Post-Moratorium Options: Tenure Extension vs EMI Increase
Once a moratorium ends, lenders typically offer two primary resolution paths:
Increase the EMI, keep the tenure same: The accrued interest is spread over remaining EMIs, slightly increasing the monthly payment. This is almost always the financially superior choice. You return to the original amortisation track faster and pay less total interest.
Extend the tenure, keep EMI same: The outstanding balance (original principal + accrued moratorium interest) is recalculated over an extended tenure to maintain the original EMI amount. The tenure extension can be significant — a 3-month moratorium on a Rs 50 lakh loan at 9% can add 5-7 months to a 20-year loan. Over those extra months, you pay additional interest that compounds the moratorium cost.
The best option if you have the funds: make a one-time lump sum payment immediately after the moratorium equal to the accrued interest. This brings the outstanding back to the pre-moratorium level and allows EMI and tenure to remain unchanged. Essentially, you treat the moratorium as a borrowed bridge that you repay immediately.
Loan Restructuring vs Moratorium: Understanding the Difference
A moratorium is a temporary pause. Restructuring is a more comprehensive modification of the loan terms. Under RBI's Resolution Framework for COVID-19, borrowers were allowed to seek a restructuring of up to 2 years — changing the repayment schedule significantly rather than just pausing for a few months.
Restructuring typically involves a fresh sanction of the loan under revised terms. It may involve a moratorium within it, a change in interest rate, an extension of tenure, or a combination. Restructured loans are reported to credit bureaus as "Restructured" which can impact credit scores.

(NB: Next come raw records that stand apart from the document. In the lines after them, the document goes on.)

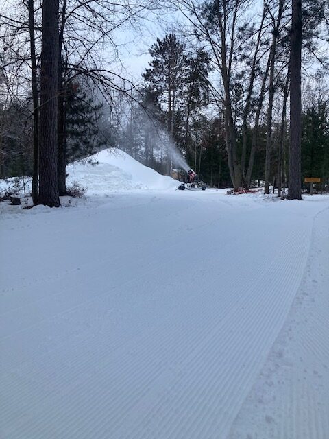 Thanks to the valiant efforts of our snow making and grooming teams, the trails are in much better shape today! We moved a bunch of snow around at the trailhead and throughout some of the main network and the corduroy is looking and feeling good! Skiers yesterday reported fun conditions even with the little glaze. We were able to chew up Trappers cabin, Adventure,
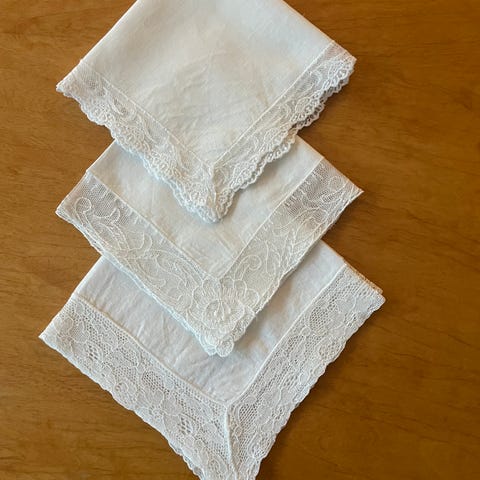 3 pyntelommetørkler / lommetørkler i bomull
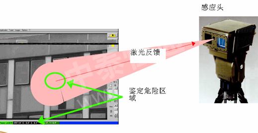工作時,激光發(fā)射裝置發(fā)射出編碼掃描激光束,每次照射覆蓋5度X 4 度的區(qū)域;與它同步的激光接收裝置隨即獲得激光圖像和該區(qū)域的可見光圖像。兩種圖像傳送至遙控單元后,由系統(tǒng)自動比較兩者的細(xì)微差別。如有差異,系統(tǒng)將在0.1秒內(nèi)啟動警報,并在監(jiān)視器上顯示發(fā)生異常的位置和圖像。操縱人員可以通過控制手柄放大觀察可疑區(qū)域,以進(jìn)一步確認(rèn)是否存在問題。
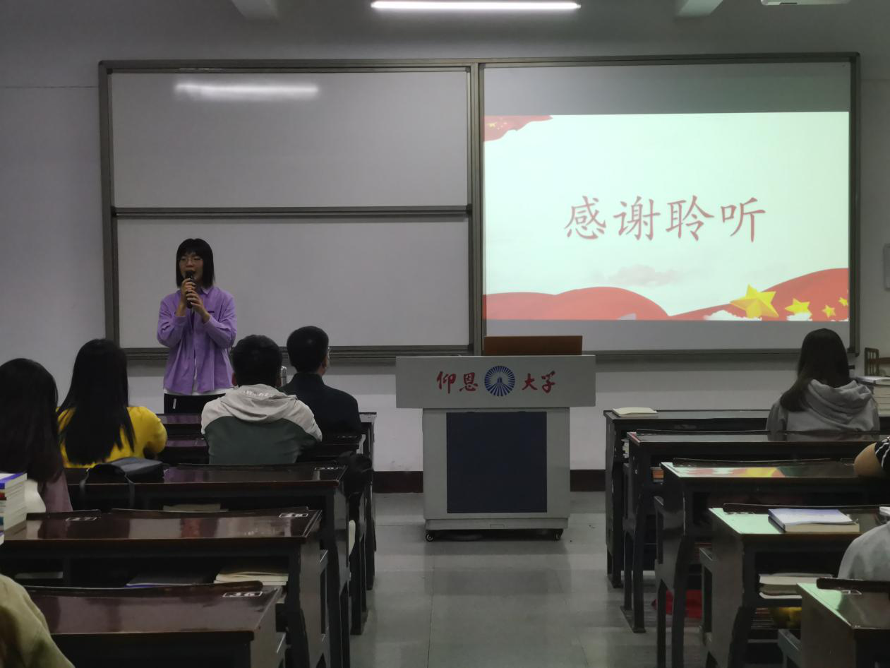 会议中,张昭霖干事围绕“重温建国伟业”、“弘扬建党精神”、“学习简史意义”三个重要方面进行学习会的宣讲。学习会上,张昭霖干事向我们深入介绍了中华人民共和国建国史,向我们系统的讲解了中国共产党的建党精神,让我们了解了学习《中华人民共和国简史》的重要意义所在。她还从新中国成立初期、社会主义建设时期、改革开放初期、全面建成小康社会、中国特色社会主义进入新时代等不同的方面向我们讲解了中华人民共和国不同时期的发展情况、中国共产党在不同时期的政策和所取得的成就,深入浅出地回答了为什么今天的中国能够发展到今日这恢宏景象。

However, staying current under a restructured loan is significantly better for credit health than defaulting.
For MSME borrowers, RBI has periodically announced MSME restructuring frameworks that allow small businesses to restructure without adverse credit bureau reporting, recognising the unique stress these borrowers face. Check the RBI website or your bank's MSME desk for the latest available frameworks.

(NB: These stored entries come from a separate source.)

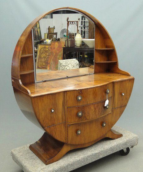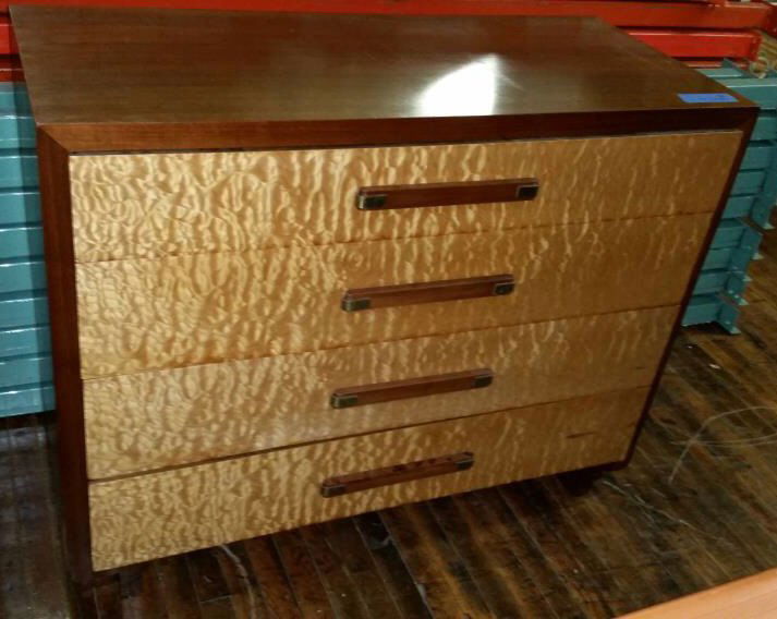 ![Art Deco Chest of Drawers: Modern blonde mahogany five drawer chest with curved edges at sides and bold chromed steel circular pulls. [38 1/2" W x 20"D x 50 3/4" H]. Wear throughout with scratches and scuffs (including pulls).](https://p1.liveauctioneers.com/1221/75115/39600168_1_x.jpg?height=280&quality=70&sharpen=true&version=1438800613&width=280)
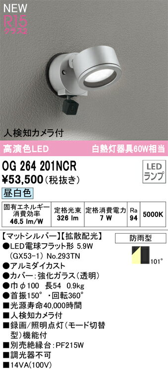 OG264201NCRエクステリア LED人検知カメラ付スポットライト GX53 白熱灯器具60W相当R15高演色 クラス2 101°拡散配光 昼白色オーデリック 照明器具 アウトドアライト 屋外用
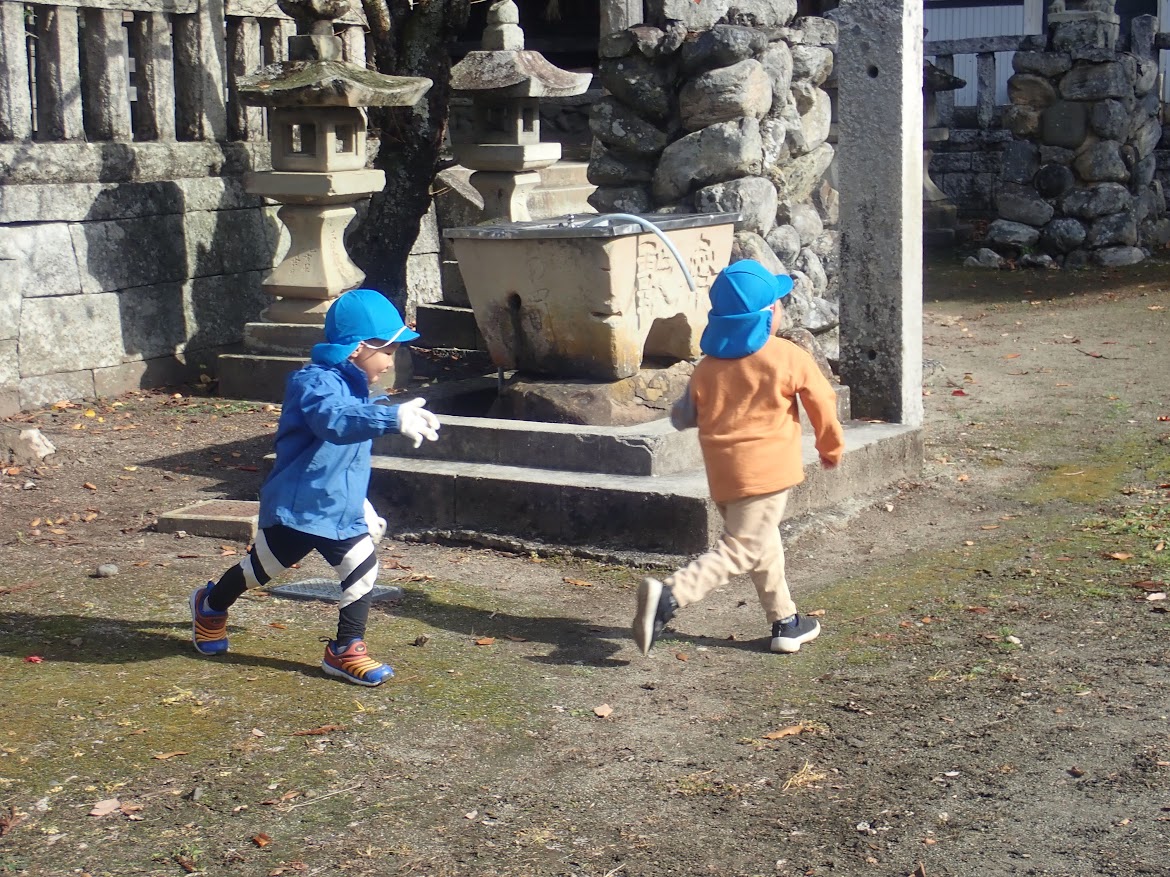 その後は、いつものように「とんびの羽、やろう」と鬼ごっこで境内を走り回りました。

The Role of Interest Rate Type in Moratorium Cost
Whether your loan carries a floating or fixed interest rate affects the moratorium calculation and its future cost. Floating rate loans change when the RBI repo rate changes. If you took a moratorium during a period of high rates and rates subsequently fell, the accrued moratorium interest (calculated at the higher rate) remains — but your future EMIs are based on the lower current rate, so the repayment of the accrued amount effectively happens at today's cheaper rate.
Fixed rate loans are simpler: the same interest rate applies throughout, so moratorium interest calculations are straightforward.